Proving the Lottery Ticket Hypothesis: Pruning is All You Need 174 points by che_shr_cat 31 days ago | hide | past | web | favorite | 61 comments

 The lottery ticket hypothesis is IMHO the single most interesting finding for deep learning. It explains why does deep learning works (vs shallow neural nets), why is initial over-parametrization is often useful, why deeper is often better than shallow, etc.I recommend for an overview:- the original paper "The Lottery Ticket Hypothesis: Finding Sparse, Trainable Neural Networks", https://arxiv.org/abs/1803.03635- "Deconstructing Lottery Tickets: Zeros, Signs, and the Supermask" https://eng.uber.com/deconstructing-lottery-tickets/ showing that if we remove "non-winning tickets" before the training, the trained network still works well
 This is really not a new idea for anybody that has studied numerical optimization or done a lot of much simpler linear modeling. It has to do with the gradients, which are basically random steps in high-dimensional spaces unless you align with a ‘large’ eigenvector of the Hessian. This explanation didn’t go over well at all with the ML cargo cultists until someone gave it a name. Interesting how things work.
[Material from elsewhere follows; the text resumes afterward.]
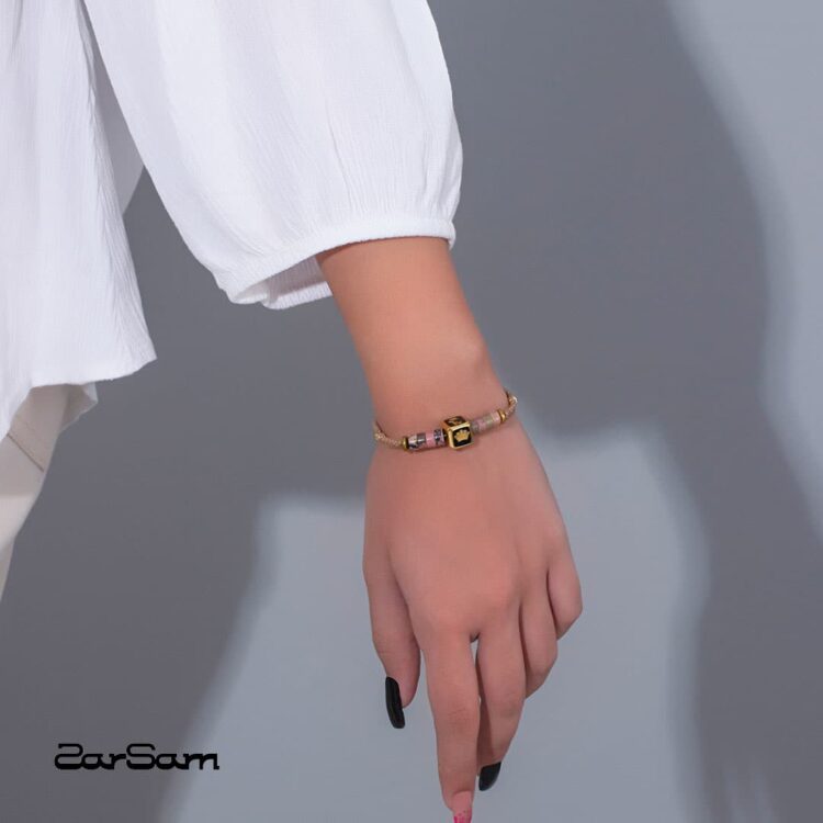 دستبند زنانه دی با ورق طلا و سنگ سری صنم

 Could you point to concrete papers, showing that empirically?(Many things were rediscovered over and over, sure.)> random steps in high-dimensional spaces unless you align with a ‘large’ eigenvector of the HessianIn this case, the main observation is different than this one, and has much more to do with sparsity (and an exponentially growing number of connections with each layer).
 Nocedal has some papers in this direction.
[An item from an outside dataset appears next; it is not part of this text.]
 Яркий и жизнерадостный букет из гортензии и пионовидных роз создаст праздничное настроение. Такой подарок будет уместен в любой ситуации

 I don't see any connection between what you've written and the lottery ticket hypothesis. Could you elaborate? (In particular, the core of the lottery ticket hypothesis is that layers make the nets combinatorial, and so I don't see how anything from simple linear modelling should transfer.)
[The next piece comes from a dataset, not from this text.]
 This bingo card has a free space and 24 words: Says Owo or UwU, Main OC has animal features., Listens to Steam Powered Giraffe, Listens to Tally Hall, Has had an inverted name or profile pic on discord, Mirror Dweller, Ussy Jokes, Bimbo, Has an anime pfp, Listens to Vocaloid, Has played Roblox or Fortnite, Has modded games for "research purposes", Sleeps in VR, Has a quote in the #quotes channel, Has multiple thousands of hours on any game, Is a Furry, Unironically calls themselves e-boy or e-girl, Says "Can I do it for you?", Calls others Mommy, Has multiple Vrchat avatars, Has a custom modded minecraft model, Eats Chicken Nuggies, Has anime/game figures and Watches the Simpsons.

 RELU training is basically the same as active sets. You call it nonlinearity. I call it a constrained sub-problem. The point is that it is always linear for the active variables. If you’re talking only about gradients, you’re not doing anything non-linear.
 What does that have to do with the lottery ticket hypothesis?
 Because the opposite hypothesis, that 'winning tickets' can emerge from 'bad tickets' using stochastic gradient descent, implies that randomness doesn't push you back into the null space of the generalization curvature, which you can empirically observe that it almost always will, except for the same eigenvectors which tend to reinforce where there is strong alignment already, iteration after iteration. If you train a lot of small problems you can watch this happen just by looking at the angles between each update. Maybe that's the wrong explanation; I don't know. The practitioner take-away is that some initializations are just lucky/unlucky and you learn this quickly if you start a lot of small problems from scratch. Try stochastic BFGS and the frustration forces some inquiry. The paper is very experimental, which is great, but the conjecture itself is pointing roughly at some feature of SGD (i.e. "SGD seeks out and trains a subset of well-initialized weights.") without offering much direct explanation, for which I'm offering a hand-wavy viewpoint that also comes more from experience/frustration trying to optimize in ill-conditioned local curvatures. There may be a combinatorial way to look at 'lottery tickets', and that may be more productive than looking at it as eigenbasis pursuit, but it seems to me that it certainly might have something to do with that. Either way, the terms are irrelevant, and if it is true now, it was true before it got a name.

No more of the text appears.